Numbers are R by default unless an expected type casts them.
R a = 1
R b = .5
R c = 1e-2
Z i = 3
Generated GLSL writes float literals with an f suffix in normal compiler
output, for example 1.0f.
Use previously declared values, functions, objects, or provided inputs.
provided R radius
provided R x, y, z
Object ball = Ball3D(r=radius)
const Object output = ball
In expected-type contexts, Lane casts neutral literals:
R3 origin = 0
Mat3 identity_matrix = e
Isom3 identity_motion = Isom3(e, 0)
0casts to the additive neutral element.1casts to the multiplicative neutral element.ecasts to group or square-matrix identity elements.- Matrix identities can also be written explicitly as
I{n}oreye{n}.
When overloads conflict, Lane prefers the uncast numeric type if that resolves the call; otherwise an explicit expected type may be required.
Bool values cast to Z or R when a numeric type is expected. true becomes
1 and false becomes 0; this applies to literals, variables, and function
results.
provided Bool enabled
R weight = enabled
Z count = enabled
Parentheses group expressions and are used for tuple-shaped function products.
Explicit product domains such as R x R are called with multiple positional
arguments. Brackets construct vectors, complex numbers, quaternions, and
matrices when a vector or matrix type is expected.
R2 uv = [0.5, 1]
C z = [1, 0]
R3 p = [1, 2, 3]
H q = [1, 0, 0, 0]
Mat3 m = [[1, 0, 0], [0, 1, 0], [0, 0, 1]]
Matrix names use row-by-column shape. GLSL matrix constructors are emitted in the correct column-major form.
Array values use Array(...). All elements must have the same type. Brackets
are reserved for vector and matrix literals.
Array(R3) points = Array([0, 0, 0], [1, 0, 0])
R3 first = points[0]
Function calls use parentheses.
R y = sin(time)
R z = pow2(y)
R3 c = cross([1, 0, 0], [0, 1, 0])
Operators can be referenced as binary functions with &. Operator references
use the same type deduction and emission as infix syntax. Their natural domain
is an explicit two-argument product such as R x R.
R sum = &+(x, y)
Bool ordered = &<(x, y)
const Hom(R x R, R) wave = sin @ &+
Constructor calls use the same syntax:
Isom3 g = Isom3(e, [1, 2, 3])
Pair p = Pair([1, 2], 0)
Primitive constructors accept named arguments.
Ball3D(r=1)
Box3D(a=1, b=2, c=3)
Triangle2D(p0=[0, 0], p1=[1, 0], p2=[0, 1])

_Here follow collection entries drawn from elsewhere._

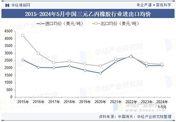 中国三元乙丙橡胶行业进口均价普遍低于出口均价,这表明中国在三元乙丙橡胶的进口中,可能更多依赖于价格较低的原材料或初级产品,而出口则多为附加值较高的成品或半成品。出口均价的波动和相对较高的均价反映了中国三元乙丙橡胶产品在国际市场上的竞争力,通过提高产品质量和附加值,保持了较高的出口价格。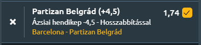 - Az elmúlt három hónap statisztikai mutatóit figyelembe véve a belgrádiak az EuroLeague egyik legerősebb formában lévő csapata. A Barcelona komoly sérülésproblémákkal küzd, és a szezon során több csalódást keltő vereséget is elszenvedett. Ez lehetőséget adhat a Partizannak arra, hogy végre idegenben is legyőzze a katalánokat, amit eddig nem sikerült megtenniük. A várakozások szerint a Partizan egy versenyképes és szoros mérkőzést fog játszani, hendikepes opciót használunk! Tipp: Partizan +4,5 – 1,74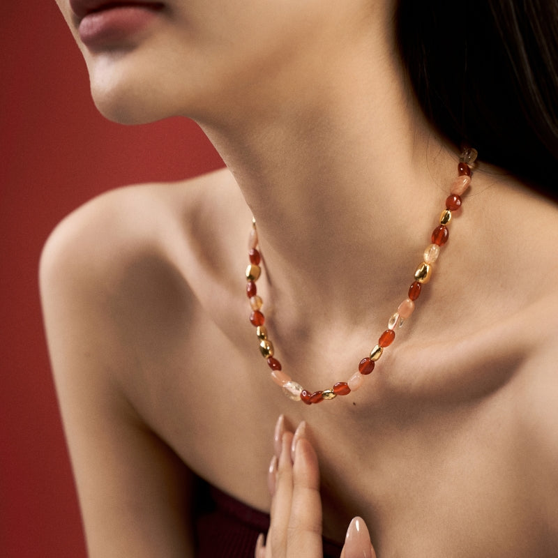 カラフルな天然石ビーズとメッキパーツが組み合わさり、シンプルでありながらポップなデザインを生み出す。メッキの輝きが、天然石の個性的な色彩と質感を引き立て、首元に楽しくて洗練された存在感を与える。角度によって変化する各ビーズの光沢が、日常の装いにもアクティブなアクセントを加え、「彩色串珠」シリーズのような、明るく華やかな雰囲気を演出する。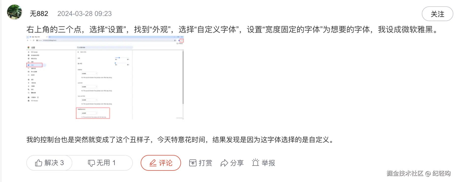 于是,我就进行百度了:『Chrome 控制台的字体能调整吗』,搜索到 CSDN 这两篇求助贴: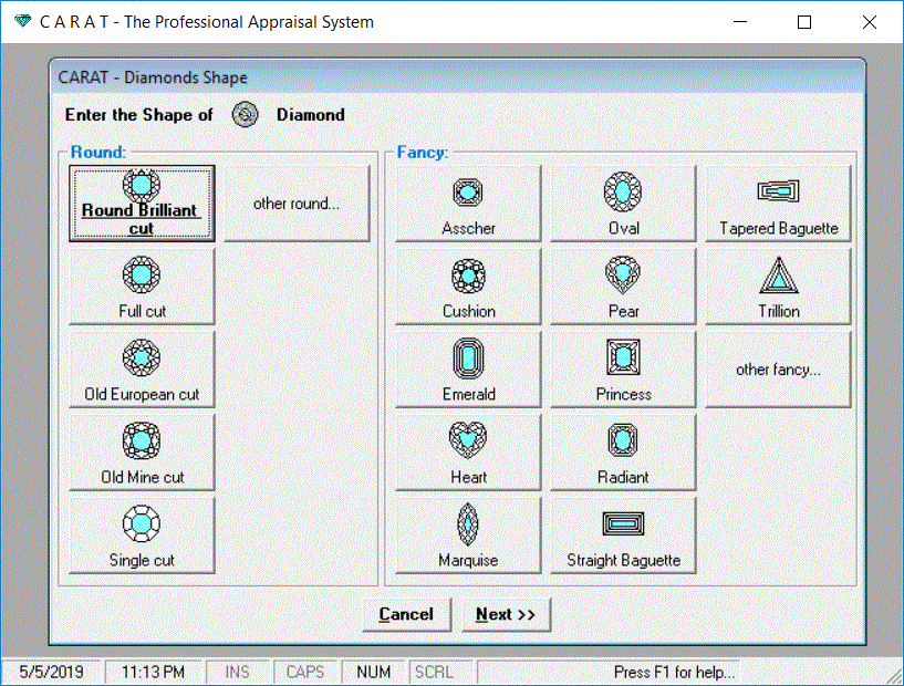 of the diamond(s) being appraised based on its measurements, enabling estimation without unnecessarily unmounting a stone.
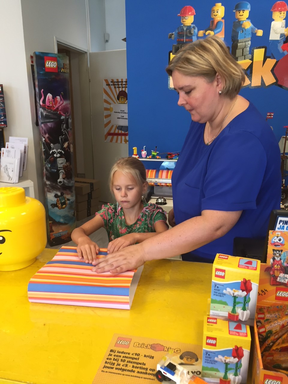 En daarmee kwam dé wens van mijn jongste dochter uit. Ze wil later heel graag in een cadeautjeswinkel werken en de hele dag cadeaus inpakken. Bij de Brick King kreeg ze ‘les’ en mocht ze helpen.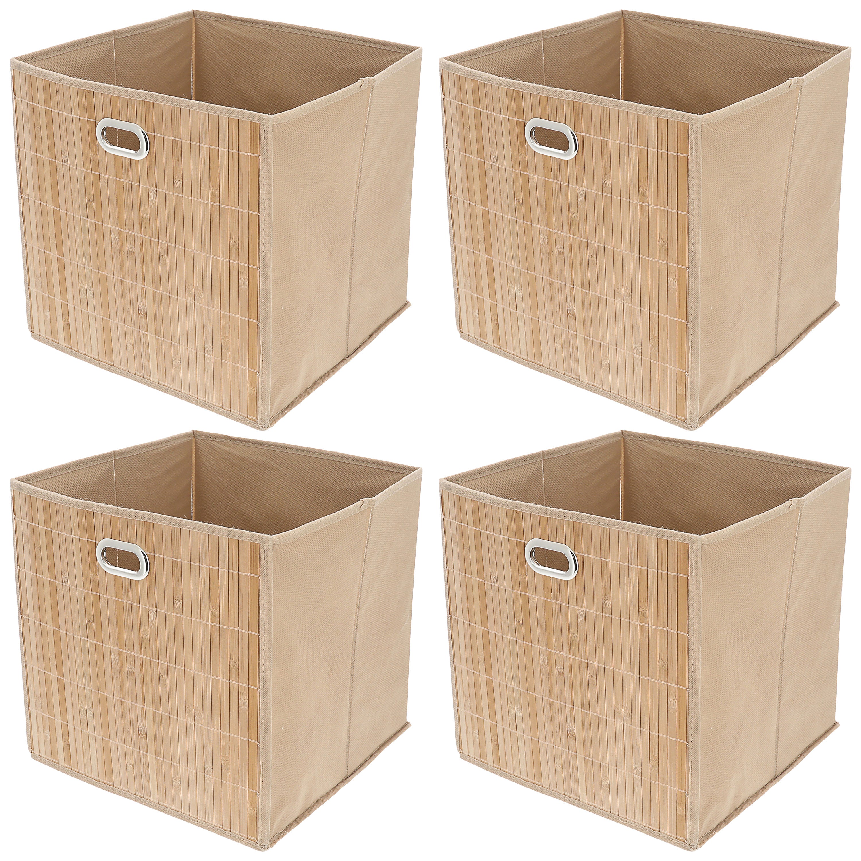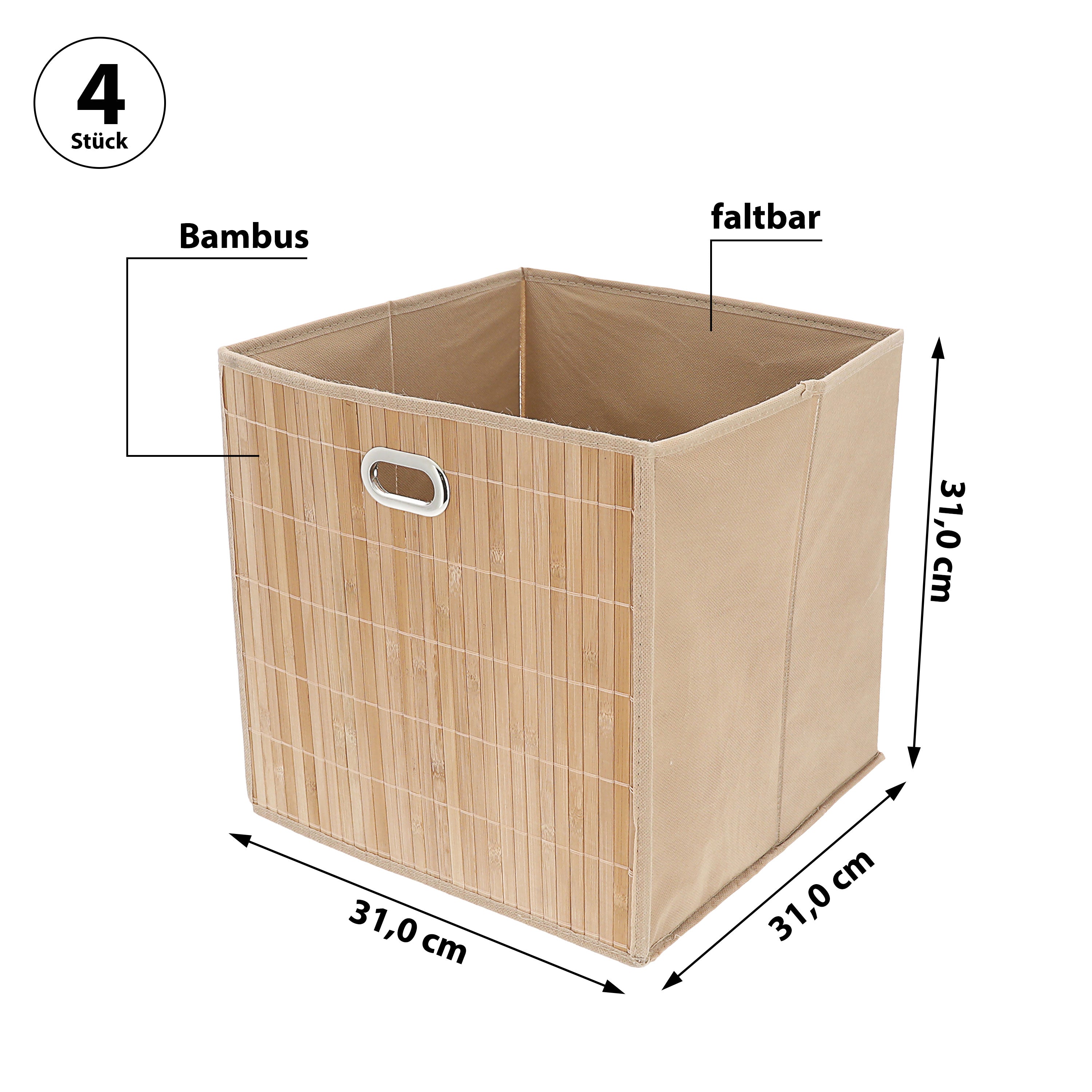 Aufbewahrungskorb Bambus 4er Set faltbar quadratisch 31x31x31cm Metall Grifflöcher Utensilienkorb Badezimmerkorb Bambusbox Faltkorb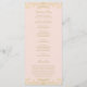 Élégante carte de programme de cérémonie mariage d'inspiration vintage présente un design décoratif orné de bordures avec un aspect scintillant or champagne métallique et couleur arrière - plan rose rousse.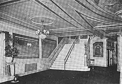 Built in 1920 as B.S. Moss' Coliseum Theatre, the venue was originally a movie palace designed by architect Eugene De Rosa.[4] Marble interiors were done by Voska, Foelsch, & Sidlo Inc, terra cotta by New York Architectural Terra-Cotta Company, ornamental plastering by Architectural Plastering Company, Inc., Peter Clark installed the rigging system, windows supplied by S. H. Pomeroy Company, Inc., Sexauer & Lemke Inc. installed the ornamental iron work, draperies and wall coverings by Louis Kuhn Studio, mirrors & console tables by Nonnenbacher & Co, and the pipe organ was installed by M. P. Moller.[5]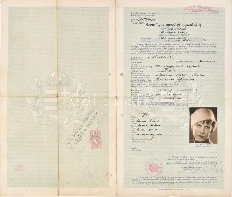 1938 Antoinette Myszlicki orosz/lengyel énekesnő fényképes útelevele https://www.darabanth.com/de/400-Fernauktion/400.0/Kunst-Dokumente-andere-Sammelgebiete/Dokument~500016/1938-Antoinette-Myszlicki-oroszlengyel-enekesno-fenykepes-utelevele~II2453228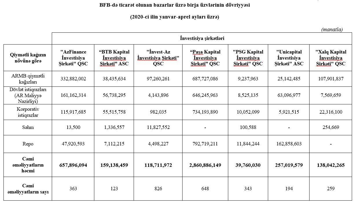 “Marja” Bakı Fond Birjasına istinadən xəbər verir ki, 2 milyard 860 milyon 886 min manat manat dövriyyə ilə “PAŞA Kapital İnvestisiya Şirkəti” 1-ci, 657 milyon 896 min manat dövriyyə ilə "AzFinance İnvestisiya Şirkəti" 2-ci, 257 milyon 19 min manat dövriyyə ilə "Unicapital İnvestisiya Şirkəti" 3-cü, 159 milyon 138 min manat dövriyyə ilə “BTB Kapital İnvestisiya Şirkəti” 4-cü və 118 milyon 711 min manat dövriyyə ilə "İnvest-Az İnvestisiya Şirkəti" 4-cü yeri tutub.

Primitive constructors also accept positional arguments in field order.
Ball3D(1)
Box3D(1, 2, 3)
Segment3D([0, 0, 0], [1, 0, 0])
Named and positional arguments cannot be mixed in one call.
Numeric negation.
R x = -1
R3 p = [-1, -2, -3]
Multiplicative or group inverse. This is the inverse operation for Grp
values; use it for plain groups where / is intentionally not available.
provided Grp G
provided G a
G inv_a = ~a
G identity = ~e
Addition and subtraction for supported additive types. On objects, + with a
vector translates the object.
R a = 1 + 2
Bool toggled = true + false
R3 p = [1, 0, 0] - [0, 1, 0]
Object moved = Ball3D(r=1) + [2, 0, 0]
Multiplication, scalar scaling, group composition, function/object action, or matrix action depending on operand types.
R area = 2 * 3
Bool both = true * false
R3 p = 2 * [1, 0, 0]
Isom3 composed = a * b
R3 moved = composed * [1, 0, 0]
Object rotated = rot([0, 0, 1], 0) * Ball3D(r=1)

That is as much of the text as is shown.